In a new collaboration, the artists Robbie Synge, Elizabeth Reeder, and Amanda Thomson, are working with local communities and conservationists to explore people’s relationship with landscape in the Cairngorms, Scotland.

The breadth of the Cairngorms Connects’ restoration work and its ‘200-year plan’ has prompted a responsive approach from the artists, who are using this opportunity to explore their environment from different perspectives. Their focus is on processes, methods of engagement, of gathering, learning about place, and asking questions around sharing landscape.

During the residency the artists will be using infrared motion sensor cameras, exploring high peatland restoration sites and accompanying workers and volunteers as they go about their practical fieldwork, including moth-trapping, collecting seeds and willow planting.

Alongside their own investigative fieldwork, the artists are collaborating with ecologists, volunteers and school children through a range of sensory, photography, and writing workshops to creatively explore different perspectives within Abernethy Forest and its environs. Whilst being independent makers with three distinct practices, their work interweaves and will come together over this time to form a body of new work to include performances, exhibitions, events and prints over the coming year.

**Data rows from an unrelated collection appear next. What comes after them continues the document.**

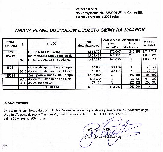 - Zarządzenie Nr 168/2004 z dnia 22 września 2004 r. w sprawie zmian w budżecie Gminy na 2004 rok, Załącznik Nr 1, Załącznik Nr 2, Załącznik Nr 3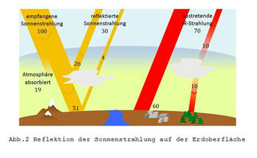 In Abbildung 2 ist die Bilanz der Strahlung der Sonne auf die Erdoberfläche dargestellt. Wenn von 100% kurzwelliger Strahlung von der Sonne auf die Erde ausgegangen wird, dann werden 19% von der Atmosphäre absorbiert, 30 % reflektiert und 51% an der Erdoberfläche und den Ozeanen absorbiert. Die an die Erdoberfläche absorbierte Energie wird in langwellige Wärmeenergie umgewandelt. Diese Umwandlung in langwellige IR-Strahlung ist nur auf Grund ihres räumlichen Molekülaufbaues bei 3- und mehratomigen Gasmolekülen möglich. Diese Energiemenge wird Albedo genannt und ist letzten Endes für die Temperatur auf der Erde verantwortlich. Die Rückstrahlung wird von der atmosphärischen Lufthülle nach dem Lambert – Beherrschen Gesetz absorbiert. Nach diesem Gesetz ist die absorbierte Energie umgekehrt logarithmisch von der Konzentration des absorbierenden Gases (Kohlendioxid) abhängig.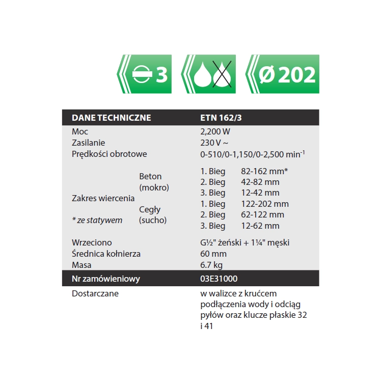 Model DBE 162 to jedna z najlepiej ocenianych wiertnic w klasie do 200 mm. Jest to idealne rozwiązanie dla hydraulików, elektryków i firm ogólnobudowlanych, które potrzebują uniwersalnego narzędzia do wykonywania przepustów rur, kabli oraz otworów wentylacyjnych. Oferowany zestaw zawiera nie tylko silnik napędowy, ale również dedykowany statyw, co gwarantuje stabilność i precyzję od pierwszego użycia.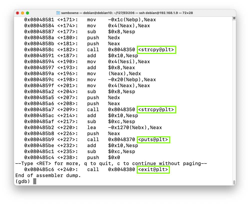Press Enter several times to move to the end of the code, as shown below (your addresses may be different). There are two calls to strcpy, then one to puts, and one to exit.disassemble main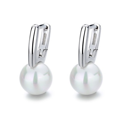 Women's 925 sterling silver earrings, featuring selected AAA+ grade white freshwater cultured pearl pendants.
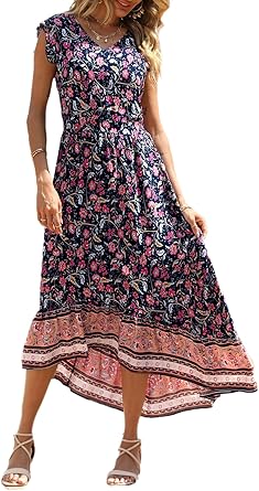 PRETTYGARDEN Women's Summer Maxi Dress Casual Floral V Neck Cap Sleeves Boho High Low Flowy Midi Long Sun Dresses

‘All of Us’ Abernethy Primary School Postcard, Robbie Synge, 2022

This project has been established through the Endangered Landscapes Artist Residencies and Arts Prize – a collaboration between the Endangered Landscapes Programme and the  CCI Arts, Science and Conservation Programme.

About the artists

Robbie Synge

Robbie Synge works with physical movement and interactions between people and materials, with collaborators of diverse backgrounds and interests and presenting in theatres, galleries and outdoor spaces. Recent work includes short film ‘Forest Floor’ (2019) shot in Abernethy Forest with collaborator Julie Cleves, exploring landscape access challenges. Synge has worked with, amongst others, the BBC, LUX Scotland and Siobhan Davies Dance.

Elizabeth Reeder

Elizabeth Reeder is a writer whose novel ‘An Archive of Happiness’, was longlisted for the Highland Book Prize (2021). Her work explores ideas of identity, community, home and place. She runs workshops on a range of subjects and is a senior lecturer in Creative Writing at the University of Glasgow.

 

Amanda Thomson

Amanda Thomson is an interdisciplinary artist and writer. Her artwork and creative non-fiction are often about the Highlands and notions of home, movements, migrations, landscapes and the natural world. Her doctoral studies included fieldwork with the RSPB in Abernethy Forest. She lectures at Glasgow School of Art and is author of ‘A Scots Dictionary of Nature’.